The organisation said there is no conflict between the Waqf Act and the Places of the Worship (Special Provisions) Act, 1991 as alleged by Upadhyay as Section 7 of the 1991 Act gives it an overriding effect over other enactments.

“Further, in any event, the Places of Worship (Special Provisions) Act,1991 being a special vehicle act to preserve the secular fabric of the country will in any event take precedence over a general enactment.

“There is a list of numerous mosques which is doing the rounds on social media, alleging that the mosques were built allegedly by destroying Hindu places of worship.

“Needless to say that if the present petition is entertained, it will open floodgates of litigation against countless mosques in the country and the religious divide from which the country is recovering in the aftermath of the Ayodhya dispute will only be widened,” the plea said.

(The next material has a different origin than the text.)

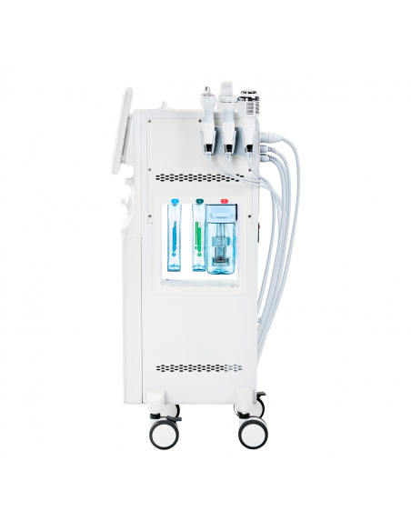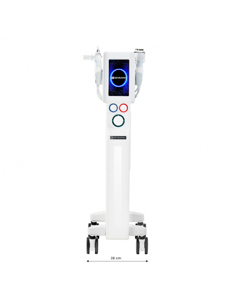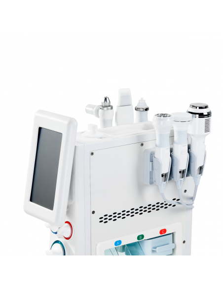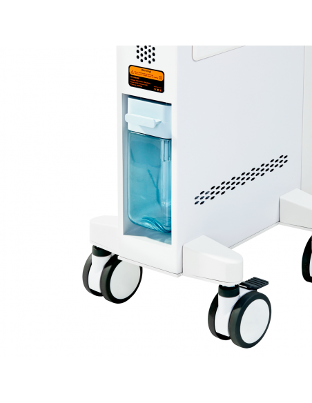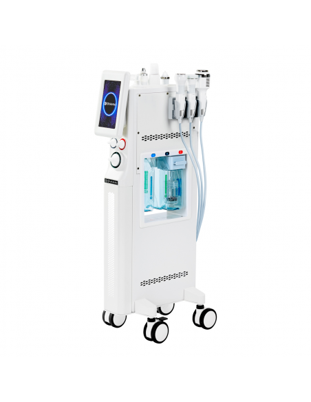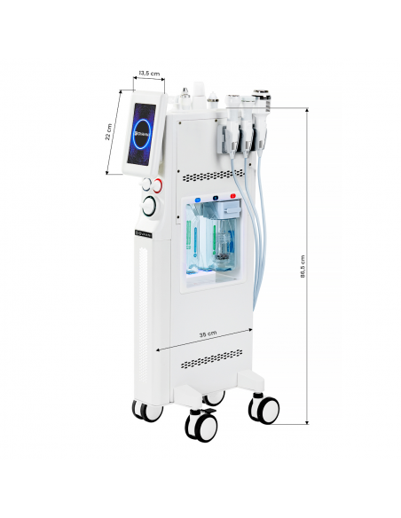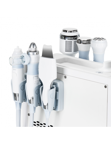 Praktyczne urządzenie wyróżnia się nowoczesnym i ergonomicznym designem, stanowiąc estetyczny element przestrzeni salonu kosmetycznego. Jego kompaktowe wymiary oraz mobilność zapewniana przez funkcjonalne kółka ułatwiają przechowywanie oraz transport. Wyposażone zostało w funkcjonalny system zbiorników na wodę oraz płyny niezbędne do zabiegów, co zapewnia wygodną i higieniczną pracę. Podstawka na głowice gwarantuje łatwy dostęp do niezbędnych akcesoriów, a półka na górze pozwala na odkładanie końcówek. Materiały zapewniają trwałość oraz łatwość czyszczenia, co przekłada się na wygodę użytkowania.

The top court in March last year had sought the Centre’s response to a plea filed before it challenging the validity of certain provisions of the 1991 law, which prohibit the filing of a lawsuit to reclaim a place of worship or seek a change in its character from what prevailed on August 15, 1947.

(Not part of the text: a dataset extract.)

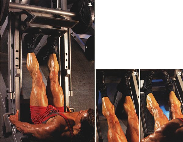 วางเท้าไว้บนที่ถีบ ให้ระยะห่างระหว่างเท้ากว้างเท่ากับหัวไหล่ ช่วงที่ 1 ชี้นิ้วเท้าตรง ( ดังรูปซ้ายสุด ) แล้วบริหาร 30 Reps ช่วงที่ 2 ชี้นิ้วเท้าออกจากกัน ( ดังรูปกลาง ) บริหาร 30 Reps ช่วงที่ 3 ชี้นิ้วเข้าหากัน ( ดังรูปขวา ) บริหาร 30 Reps โดย 3 ช่วงนี้ให้ทำติดต่อกัน โดยคุณมีเวลาพักก็แค่ตอนเปลี่ยนตำแหน่งนิ้วเท้าเท่านั้น ( ประมาณ 2 วินาที ) พอทำครบ 3 ช่วงแล้วจึงถือเป็น 1 เซท ก็ให้วางแป้นเหยียบไว้บนที่วางเหมือนเดิม พักระหว่างเซท 2 นาทีแล้วจึงเริ่มบริหารเซทต่อไป นับทั้งหมด เท่ากับว่าคุณบริหาร 90 Reps ต่อ 1 เซท สำหรับท่านี้คุณไม่ควรใช้น้ำหนักมากๆ คุณต้องเหยียดขาให้ตึง ล็อคหัวเข่าให้อยู่กับที่ และเวลาที่บริหาร ให้ทำแบบ ขึ้นสุดลงสุด ด้วย |

The petition alleges that the 1991 law creates an “arbitrary and irrational retrospective cut-off date” of August 15, 1947 for maintaining the character of the places of worship or pilgrimage against encroachment done by “fundamentalist-barbaric invaders and law-breakers”.

The apex court had issued notice to the Centre on the plea filed by Upadhyay, seeking that sections 2, 3, 4 of the Places of Worship (Special Provisions) Act, 1991 be set aside on grounds including that these provisions take away the right of a judicial remedy to reclaim a place of worship of any person or a religious group.

The law has made only one exception — on the dispute pertaining to the Ram Janmabhoomi-Babri masjid at Ayodhya in Uttar Pradesh.

The plea assumes significance as there has been an ongoing demand by some Hindu groups to reclaim religious places at Mathura and Kashi, which are prohibited under the 1991 law.

The PIL filed through advocate Ashwani Kumar Dubey contended that the Centre has barred the remedies against illegal encroachment on places of worship and pilgrimage of Hindus, Jains, Buddhists and Sikhs, who cannot file a suit or approach a high court.

The petitioner has sought a declaration that the provisions of the Places of Worship (Special Provisions) Act, 1991 are void and unconstitutional for being violative of the fundamental rights to equality, practise one’s religion and maintain religious places, among others, as the law validate the “places of worship” illegally made by barbaric invaders.